[Opening The data section]
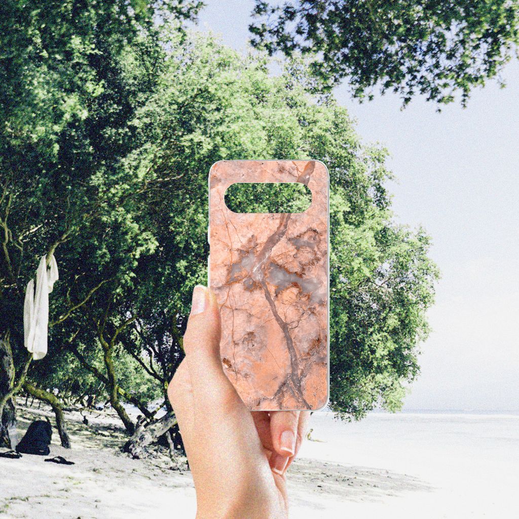 Dit design hoesje met Marmer Oranje is zeer geschikt voor jouw kostbare telefoon. Vanwege zijn prachtige lichtval en vastheid is marmer een zeer gewild bouwmateriaal. Wij kunnen inmiddels concluderen dat dit hoesje met oranje marmer ook zeer gewild is. Beloon jezelf en je telefoon met dit hele mooie Google Pixel 8 TPU Siliconen Hoesje. Naast het oranje marmer zijn er de diverse marmersoorten in een ruim kleurenpallet te krijgen. Deze tpu case met marmer in oranje wordt aan de achterzijde bedrukt. De case beschikt over opstaande randen en is gemaakt van onbreekbaar materiaal. De randen van de case in oranje marmer blijven transparant. Wij hebben onze designer veel vrijheid gegeven met het ontwerpen dit mooie hoesje. Het resultaat zie je terug in deze tpu case met oranje marmer, dat een hele goede bescherming is voor jouw smartphone. Des te mooi dat wij voor variatie hebben gekozen door een hoesje met oranje marmer aan de bieden.
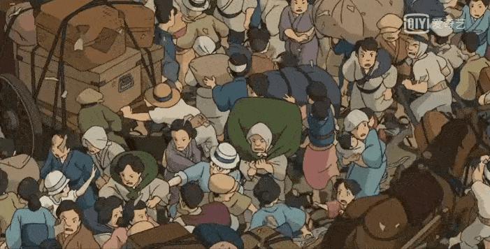 《起风了》中,有一个地震中,人群四散的画面。
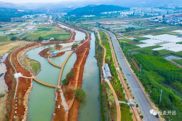 开远市南洞河生态治理工程全长2.56公里(昆河公路至通灵村),建设内容包括功能性湿地,南洞河两岸绿化种植(主要乔木种植含香樟、凤凰木、蓝花楹、垂柳等),5公里健康步道及广场,塔亭等建设。
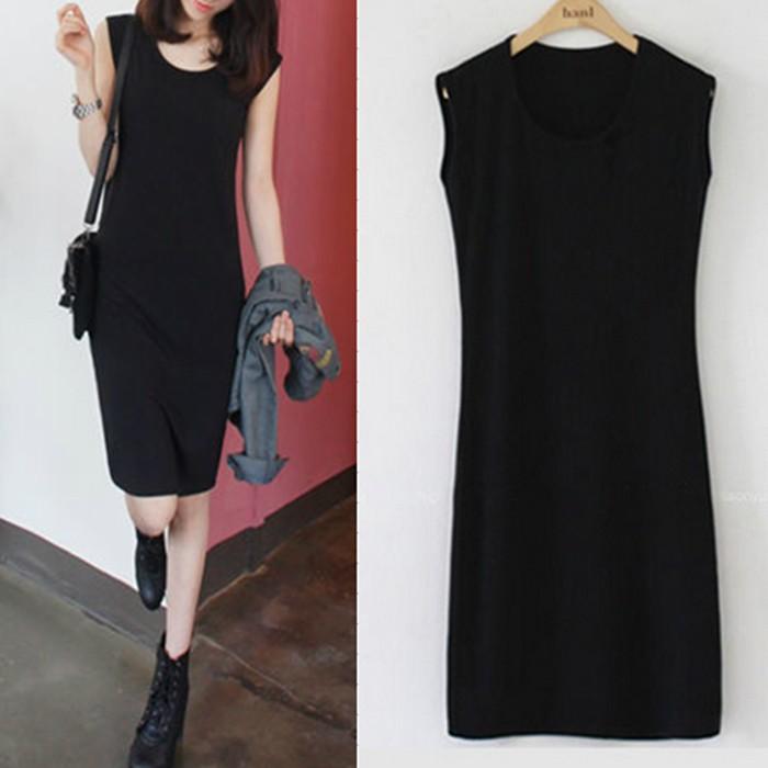 cawaii カワイイ の シンプルタンクトップワンピース 黒 ノースリーブワンピース ロングワンピース ワンピース wear
[Closing The data section]
> [Exercise aim]
The reply should hold every line of the material above, unchanged, and no pictures.

> [Result for this exercise]
 Dit design hoesje met Marmer Oranje is zeer geschikt voor jouw kostbare telefoon. Vanwege zijn prachtige lichtval en vastheid is marmer een zeer gewild bouwmateriaal. Wij kunnen inmiddels concluderen dat dit hoesje met oranje marmer ook zeer gewild is. Beloon jezelf en je telefoon met dit hele mooie Google Pixel 8 TPU Siliconen Hoesje. Naast het oranje marmer zijn er de diverse marmersoorten in een ruim kleurenpallet te krijgen. Deze tpu case met marmer in oranje wordt aan de achterzijde bedrukt. De case beschikt over opstaande randen en is gemaakt van onbreekbaar materiaal. De randen van de case in oranje marmer blijven transparant. Wij hebben onze designer veel vrijheid gegeven met het ontwerpen dit mooie hoesje. Het resultaat zie je terug in deze tpu case met oranje marmer, dat een hele goede bescherming is voor jouw smartphone. Des te mooi dat wij voor variatie hebben gekozen door een hoesje met oranje marmer aan de bieden.
 《起风了》中,有一个地震中,人群四散的画面。
 开远市南洞河生态治理工程全长2.56公里(昆河公路至通灵村),建设内容包括功能性湿地,南洞河两岸绿化种植(主要乔木种植含香樟、凤凰木、蓝花楹、垂柳等),5公里健康步道及广场,塔亭等建设。
 cawaii カワイイ の シンプルタンクトップワンピース 黒 ノースリーブワンピース ロングワンピース ワンピース wear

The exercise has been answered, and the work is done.